Тяжелейшая военная зима 1943-1944 г. также нашла свое отражение в документах. Жители Корткеросского района в своих письмах, посланных на фронт зимой-весной 1944 г., писали следующее:
«Голодом жить очень трудно. Здесь ежедневно закапывают в землю по одному человеку. Все это здоровые люди. Умерли: жена Якова, жена Викуль Алексана, Петр Ивана. Каждый день умирают из-за недостатка питания. Кто работает в колхозе ничего не дают» (Из письма жительницы с. Корткерос Изъюровой мужу).
«В Пезмоге жизнь никуда не годится – хлеба не распределяли, а Карпов кормит сейчас отбросом, да и это надо силой просить. У кого желудок слабже, крепко заболевают, чуть не умирают» (из письма колхозницы Матрена колхоза «Ордым» мужу).
«На трудодни ничего не получили.

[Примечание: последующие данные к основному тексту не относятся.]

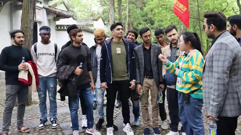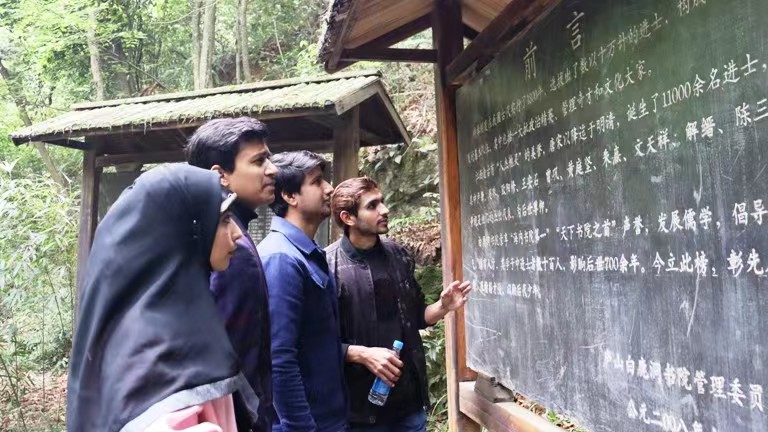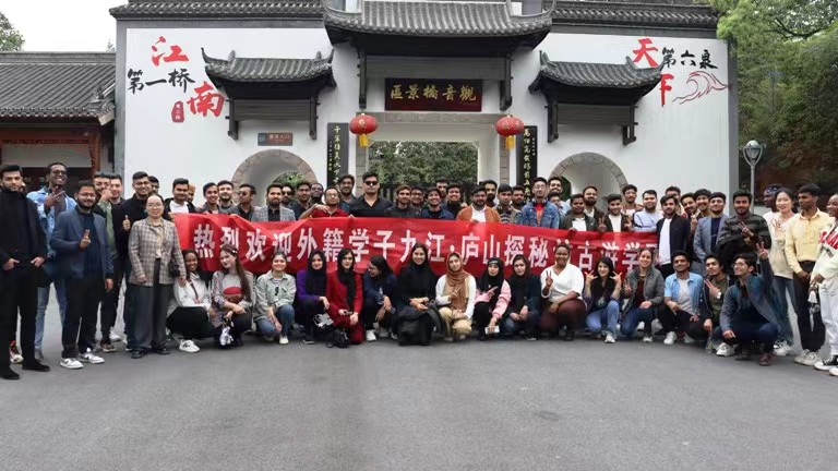 进入白鹿洞书院,外籍学子们边参观边拍照,围成一圈载歌载舞,以自己的方式表达喜悦的心情。这座备受历代文人学子敬仰的千年学府带领学子们穿越悠悠岁月,让他们感受到九江深厚的人文历史。“走过状元桥,看了进士榜,知道白鹿洞书院影响后世700多年,我体会到了白鹿洞书院作为‘天下书院之首’的伟大影响。” 来自印度的苏瑞在参观之后感叹道。

Сено хотят распределять тем, кто работал на покосе, да только дают четвертую часть. Очень хорошая жизнь настала. Варить, стряпать не надо, ести не велят. В деревне собак нет, а вместо них сами. Но живем еще хуже них. Едим солому, корки от картофеля и галанки» (из письма жительницы с. Корткерос Вишератиной Анны Ивановны мужу).
«Я сейчас в школе не учусь, потому что хлеба дают мало 500 граммов, а нам по 150 граммов. Учиться очень трудно. Мы ходим и собираем скорлупы по помойным ямам, пекем лепешки и едим. Очень ослабли, чуть ходим» (Из письма ученицы Кладовец отцу).
«Мы кушаем соленую воду и больше ничего нету, даже капусту и то уже давно не видим, а картошки на семена уже нет… все люди помирают с голоду … и мы тоже умрем с голоду. Семьям красноармейцев ничем не помогают. С колхоза тоже плохо помогают…» (из письма жительницы с. Корткерос Шестаковой Марии Ивановны).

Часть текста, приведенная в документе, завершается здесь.